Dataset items
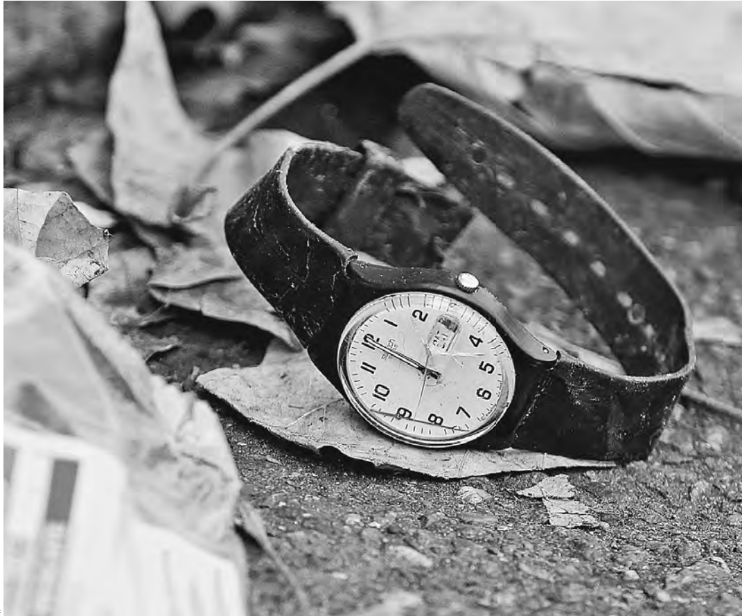
Эти часы были найдены на месте трагедии у концертного зала «Батаклан».

G20 Владимир Путин: Справиться с террористической угрозой можно, только объединив усилия всего мира Фронт двадцати
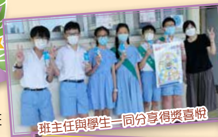
班主任與學生一同分享得獎喜悅

訓育組推行「自律自愛獎勵計劃」，活動內容包括班徽設計比賽，讓學生為自己班別設計有代表性的班徽，表達對自己班的期望，並加強學生對自己班的歸屬感。而「自律比賽」由十月開始進行，老師觀察學生平日轉堂和集會表現，以貼紙獎勵表現良好的班別。計劃讓學生提升自律能力之餘，亦創造正面讚賞的學習環境。
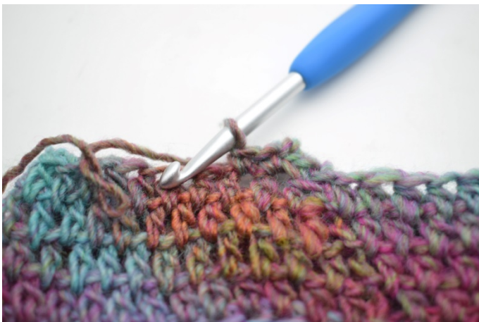
7. Hekle 1 fm i neste m.
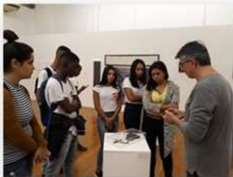
22/05 – ISBET (visita guiada)
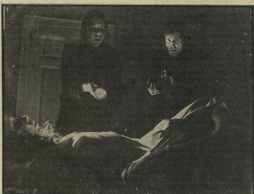
1. מגרש השדים (ארצות-הברית)
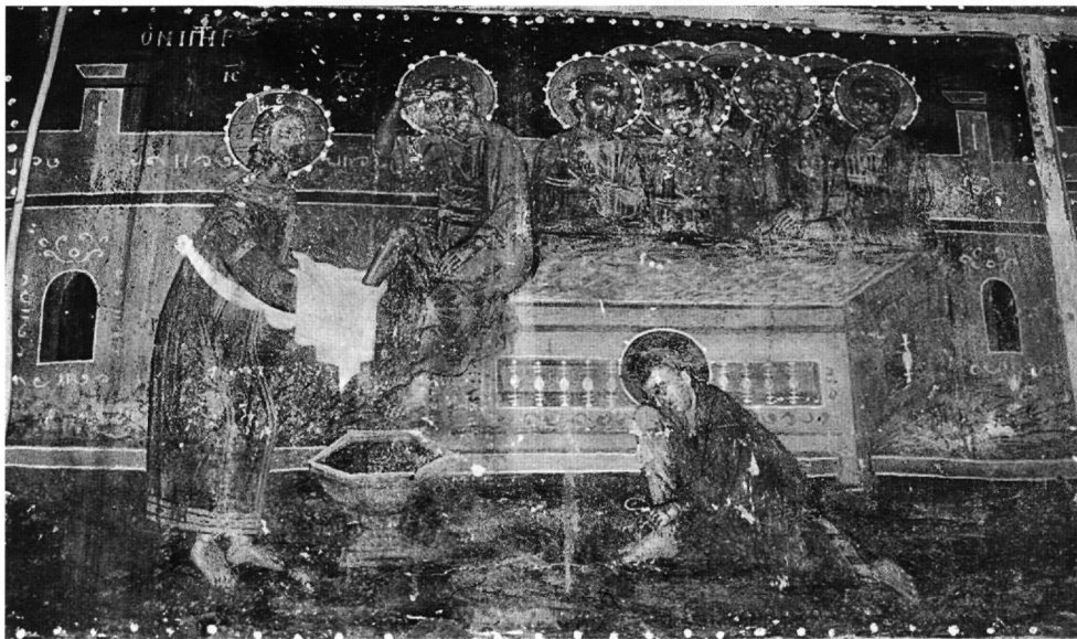
Εικ. 5. Ναός Αγίου Νικολάου Γούρνας. Ο Νιπτήρας.

ριόδου (Εικ. 5). Ενίοτε υιοθετούνται σπανιότεροι τύποι της παλαιολόγειας και της μεσοβυζαντινής περιόδου 29 . Τις περισσότερες φορές δημιουργεί πρωτότυπες συνθέσεις συνδυάζοντας ποικίλα πρότυπα ή εισάγοντας νέα μοτίβα 30 .

## Work instruction
Begin with the line containing "Εικ. 5. Ναός" and retype it and each line after it through the end of the records, keeping them exact and including nothing more.

## Answer below
Εικ. 5. Ναός Αγίου Νικολάου Γούρνας. Ο Νιπτήρας.

ριόδου (Εικ. 5). Ενίοτε υιοθετούνται σπανιότεροι τύποι της παλαιολόγειας και της μεσοβυζαντινής περιόδου 29 . Τις περισσότερες φορές δημιουργεί πρωτότυπες συνθέσεις συνδυάζοντας ποικίλα πρότυπα ή εισάγοντας νέα μοτίβα 30 .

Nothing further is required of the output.